Here in Texas, Sanchez is helping cook a new stew from scratch. Nothing is written. No signposts to follow or footsteps to follow in.  

“You can’t just come to a new club and try to change everything right away,” he said, after being called “among the best defensive midfielders” in the league by sporting director Rodolfo Borrell upon his arrival. “You have to show you’re willing to suffer. How everyone that they can trust you and then you can evolve, together, as a team. You can come to understand that, as a team, you can have more of the ball. You can keep it and create chances.”

Austin FC: Team of Destiny? 

Sanchez is describing the trajectory of Austin FC’s 2025 season – in league and Open Cup play. At the start of the year, under coach and fellow Spaniard Nico Estevez, no one was pointing to the Texas club as challengers for anything on any front. Here and now, even with the loss of All-Star striker Brandon Vazquez to a serious knee injury, they’ve earned a place in the U.S. Open Cup Final and are climbing the MLS Western Conference standings.  

“It’s the biggest challenge of our season, but also the biggest opportunity,” said Sanchez, guiding the club behind the scenes and in the heart of midfield. “We will know in a few weeks the kind of team we are. It’s too early to say now. We have to prepare, on and off the field, in the hardest way.” 

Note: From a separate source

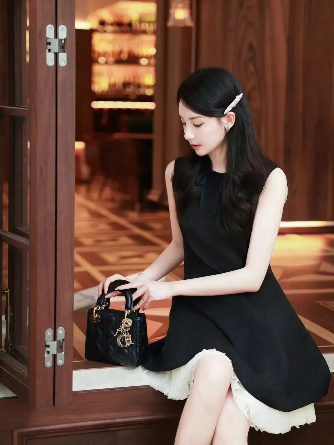 侧身坐在玻璃门侧沿,一手轻扶包包,一手自然垂落,身体微微侧转,背景是木质门框,显松弛又有格调,像不经意被抓拍。

It’s not lost on him that the role of host, which Austin will play on Oct. 1 against Nashville SC, is a two-sided sabre. And while he’s never tasted defeat in an Open Cup Final, he knows the pitfalls well. “You’re the team that is supposed to win the Final,” he admitted. “Of course, if you win, it’s fantastic. And if you don’t, well, it’s double the pain.”  

Sanchez knows what awaits if this Texas club gets it right – and if the breaks go their way. “The trophy is there,” he said, knowing the weight and the feel of it twice before. “The ultimate goal – the cherry on the cake – that’s what we play for. It’s what we train for and it's what we have in mind every single day.”